THE PROBLEM: From the line that contains "Kompletan set za" down to the last line of the entries, repeat every line exactly. Do not carry over the pictures.

(Extracted records)
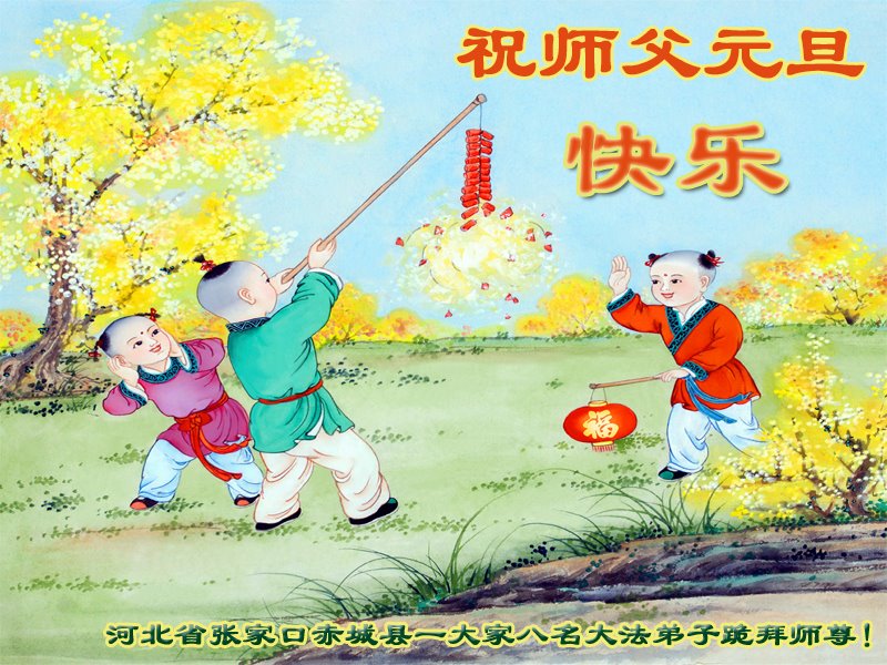 恭祝师尊新年快乐! 张家口市阳原县全体大法弟子敬上 河北省张家口赤城县一学法小组祝慈悲伟大的师父元旦快乐!
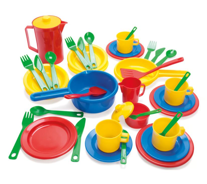 Kompletan set za igru u kuhinji koji sadrži 42 komada. Set uključuje tanjure, šalice, pribor za jelo i posuđe u raznim bojama.
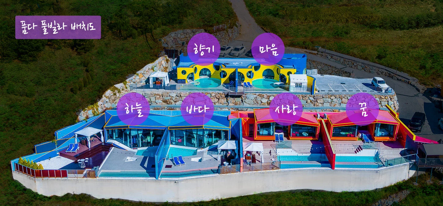 남해 품다 독채 스파 풀빌라 배치도 안내입니다.
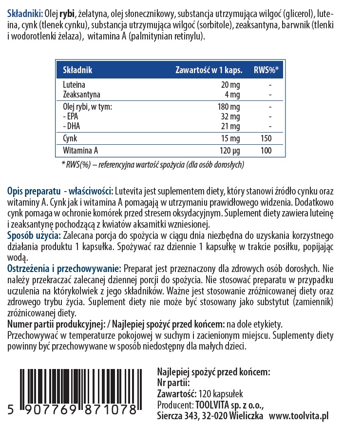 LUTEINA – LUTEVITA, CYNK, A, EPA, DHA
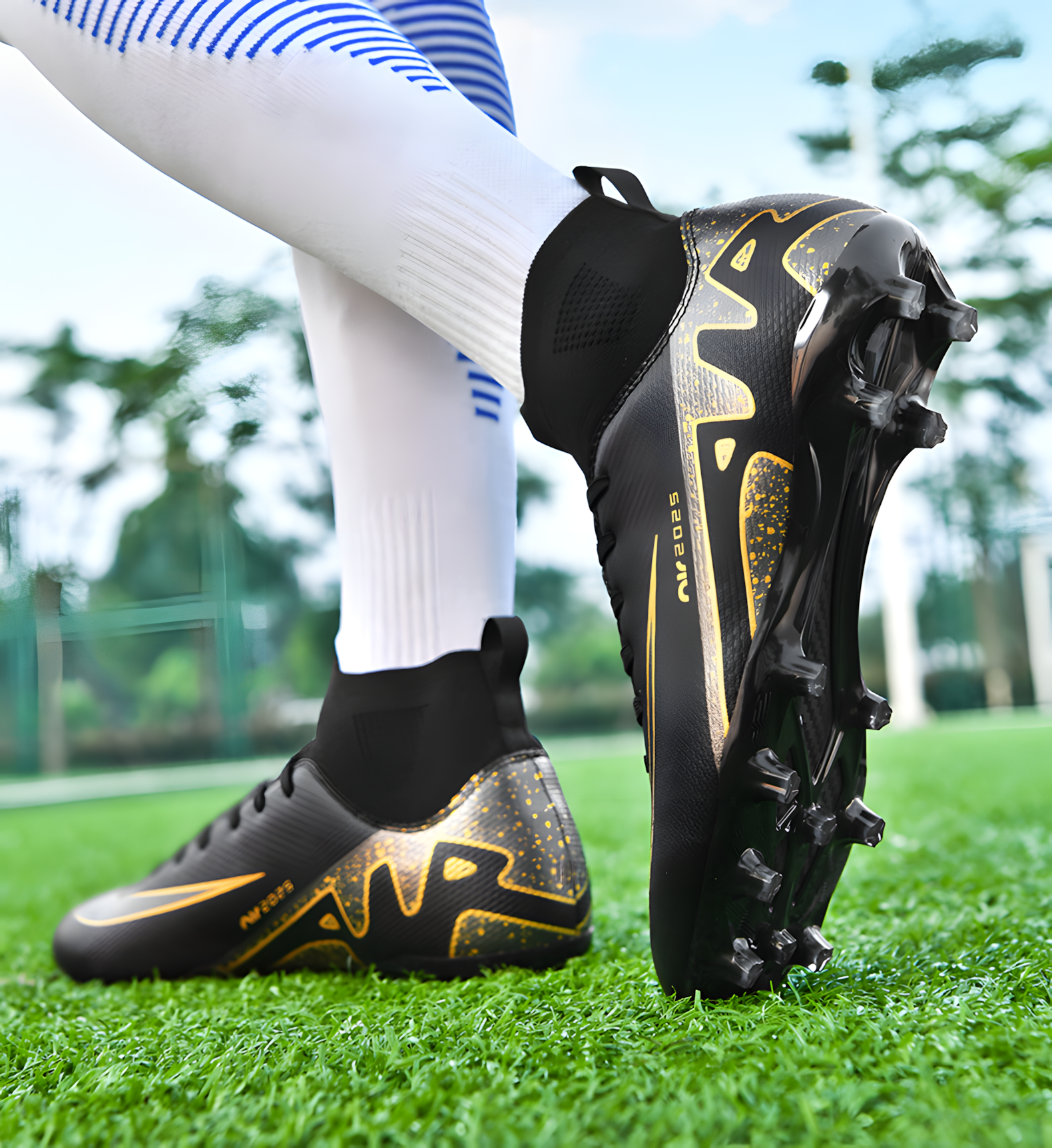 Бутсы, размер 34, черный/золотой
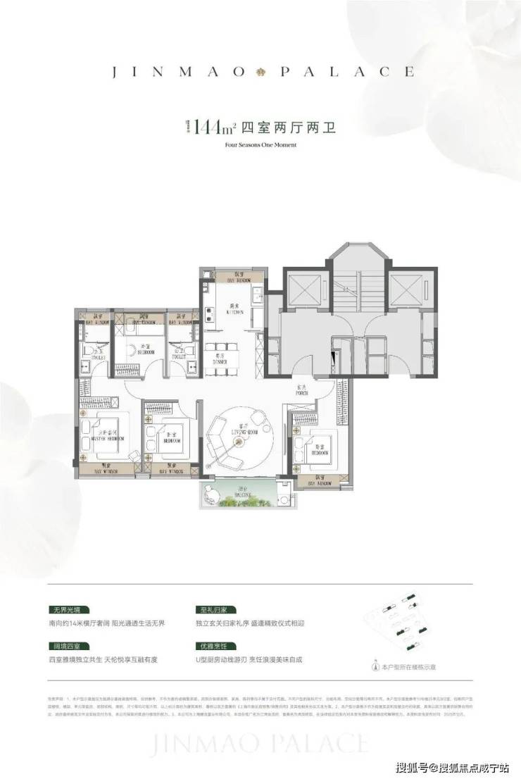 ● 建面约144㎡4房:同价格在杨浦只有百平米3房可选。

EXERCISE ANSWER:
 Kompletan set za igru u kuhinji koji sadrži 42 komada. Set uključuje tanjure, šalice, pribor za jelo i posuđe u raznim bojama.
 남해 품다 독채 스파 풀빌라 배치도 안내입니다.
 LUTEINA – LUTEVITA, CYNK, A, EPA, DHA
 Бутсы, размер 34, черный/золотой
 ● 建面约144㎡4房:同价格在杨浦只有百平米3房可选。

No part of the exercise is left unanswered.